■これまで「無理」と言われてきた梅干し缶詰の登場
和のおかずを揃えた「あなご弁当」も拵えた。木の屋石巻水産「あなご醤油煮」と、国分首都圏「国技館焼鶏 鶏つくね」が主菜で、副菜に八戸鮫浦漁協「すき昆布」(刻み昆布の煮物)を登用。ごはんの中心には梅干しを収めた。
今さりげなく書いたけど、梅干しも缶詰なのである。いやはや、すごい時代になったものだ!
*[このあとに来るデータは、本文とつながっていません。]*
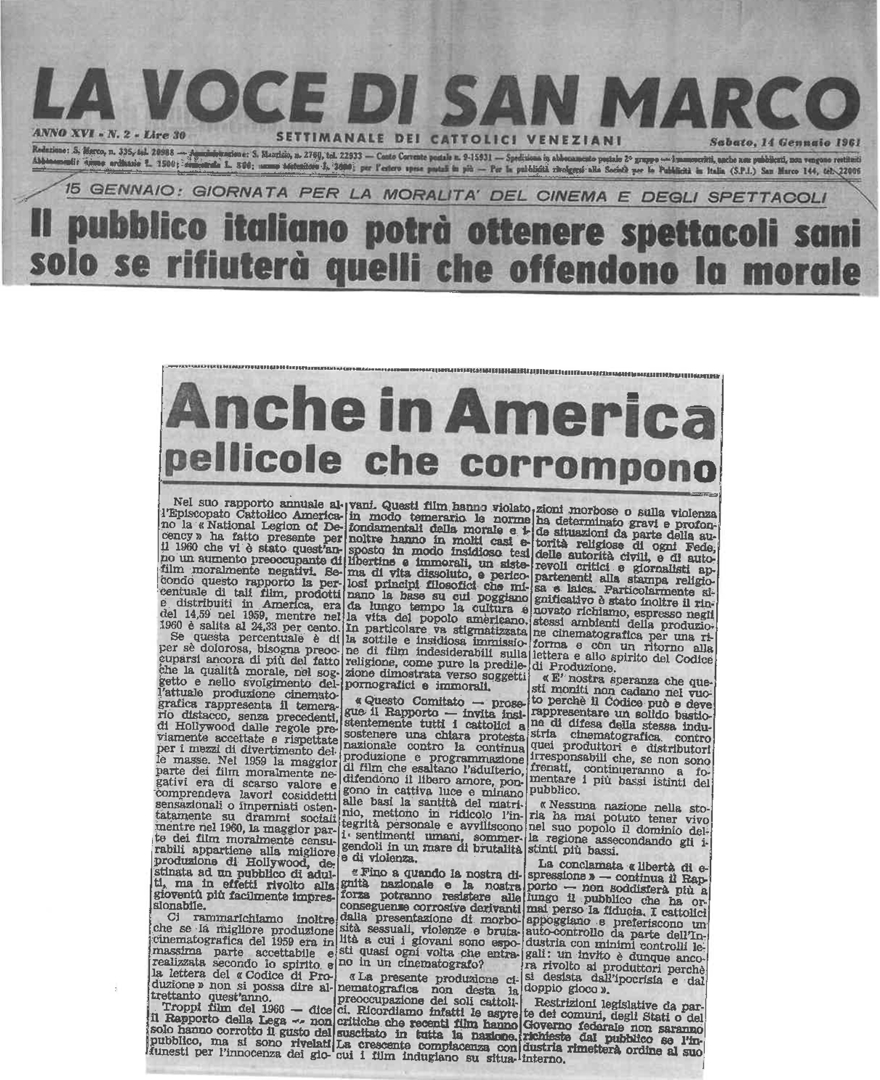 | Temi (keywords PRIN 2012) | Giornata per la moralità dello spettacolo e del cinema (15 gennaio 1961) Legion of Decency cinema immorale matrimonio e divorzio osceno |

従来「梅干しを缶詰にするのは無理」と言われてきた。梅干しは塩分量が多く、金属製の缶が塩分によって腐食すると考えられていたからだ。
梅干しの塩分量は商品によって差があるけど、おおむね5〜6%以下になると減塩タイプと呼ばれる。一方、缶詰業界では、缶に入れる食品は塩分量4%未満が好ましいとされてきた。ちなみに前出の「イノシシ肉と大豆のキーマカレー」は1.4%未満。「きゅうり漬キムチ味」でも3.7%未満である。
しかし、こまち食品工業というメーカーが独自に研究し、塩分量6%の梅干しを缶詰にした場合、3年以上たっても缶が腐食しないことを確認した。その結果、ついに初めての「梅干缶」が誕生したのだ。ALL缶詰弁当を実現するうえでも、誠に重要な功績であります。
使われる梅は紀州南高梅のA級(最上級)のLサイズ。適度な甘みがある今風の味で、柔らかな食感もナチュラル。いわゆる普通に美味しい梅干しだ。